Kamis, 05 Juli 2018

Sponsored Links

Ram Dass - Wikipedia
src: upload.wikimedia.org

Ram Dass (born Richard Alpert ; 6 April 1931) is an American spiritual teacher, former academic and clinical psychologist, and author of the 1971 seminal book Be Here Now. He was known for his personal and professional relationship with Timothy Leary at Harvard University in the early 1960s, for his trip to India and his relationship with Hindu teacher Neem Karoli Baba, and to found the charity organization Seva Foundation and the Hanuman Foundation. He continues to teach through his website.


Video Ram Dass



Youth and education

Richard Alpert was born to a Jewish family in Newton, Massachusetts. His father, George Alpert, is a lawyer in Boston, president of New York, New Haven and Hartford Railroad, co-founder of Brandeis University and Albert Einstein Medical College, and a major fund-raiser for Jewish causes. Although Alpert owns a bar mitzvah, he is "let down by his essential void". He considered himself an atheist and did not embrace any religion during his early life, describing himself as "living with religion." I do not have a single God smell until I take psychedelics. "
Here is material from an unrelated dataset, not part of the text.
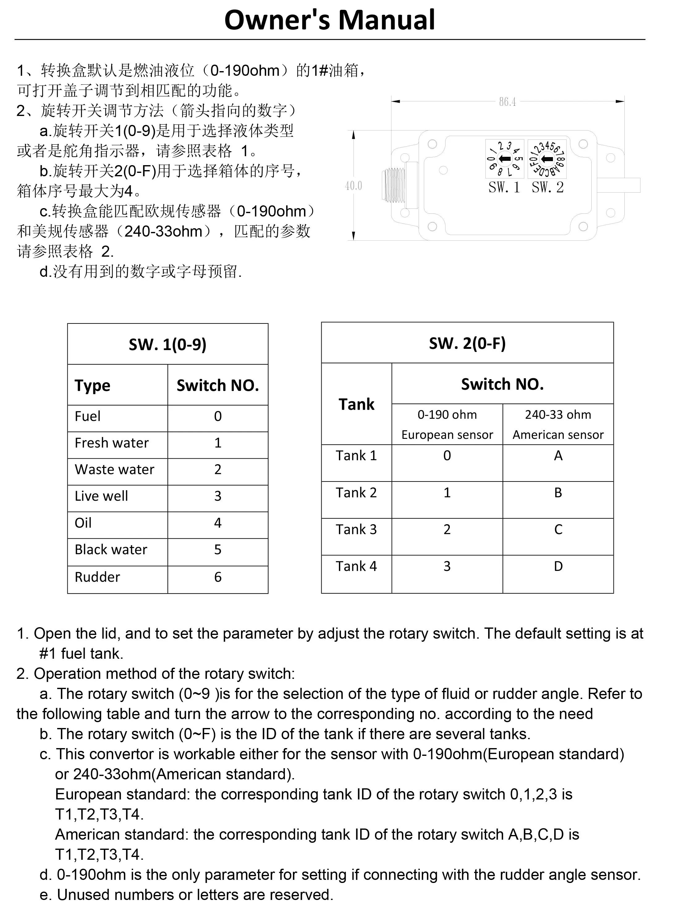 Sì, output 0-190ohm/240-33ohm, 9-32V, per yacht barche fuel water level.

Alpert attended Williston Northampton School, graduating in 1948 as part of the Cum Laude Association. He then went on to receive a Bachelor of Arts degree from Tufts University, a master's degree from Wesleyan University, and a doctorate (all in psychology) from Stanford University. His father wanted him to go to medical school, but while at Tufts he decided he wanted to study psychology. Alpert's mentor at Wesleyan, David McClelland, then recommended Alpert to Stanford, where he began his PhD studies in the early 1950s. Alpert wrote his doctoral thesis on "performance anxiety." After receiving a PhD, Alpert taught at Stanford for a year and started psychoanalysis.

Maps Ram Dass



Harvard professor and research

Professor and Harvard research

McClelland moved to Cambridge to teach at Harvard University, and helped Alpert receive a tenure-track position there in 1958 as an assistant professor of clinical psychology. Alpert works with the Department of Social Affairs, the Department of Psychology, the Graduate School of Education, and the Health Office, where he is a therapist. He specializes in human motivation and personality development, and publishes his first book Child Identification and Care .
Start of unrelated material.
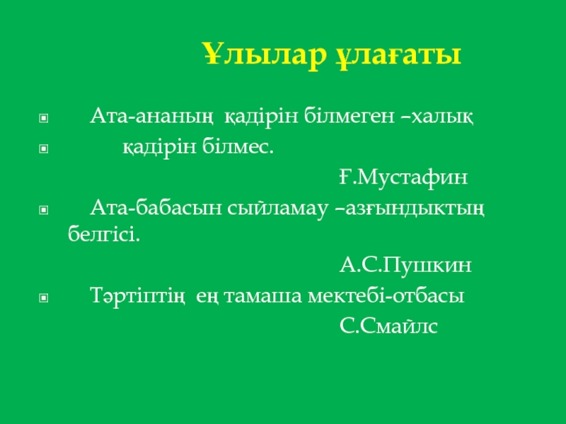 Ұлылар ұлағаты   Ата-ананың қадірін білмеген –халық

Perhaps the most important thing is the work he does with his close friend and associate Timothy Leary, a professor of clinical psychology at the university. Alpert and Leary have met through McClelland, who leads the Personality Research Center where Alpert and Leary do research. Alpert is McClelland's representative in the lab. Upon returning from a visiting professorship at the University of California, Berkeley in 1961, Alpert devoted himself to joining Leary in experiments with and intensive research for the effects of hallucinogenic drug therapies such as psilocybin, LSD-25, and other psychedelic chemicals, through Their Harvard Psilocybin Project. In addition, Alpert helped graduate Harvard Divinity School graduate Walter Pahnke in the "Good Friday Experiment" of 1962 with theology students, the first controlled study, double blindness to medicine and mystical experience.

Alpert and Leary founded the Nonprofit International Federation of Internal Freedom (IFIF) in 1962 in Cambridge, Massachusetts, to conduct studies on the use of religious psychedelic drugs, and both on the board of directors. Leary and Alpert was officially dismissed from Harvard in 1963. According to Harvard President Nathan M. Pusey, Leary was dismissed because he left Cambridge and class without permission or notification, and Alpert for allegedly giving psilocybin to an undergraduate.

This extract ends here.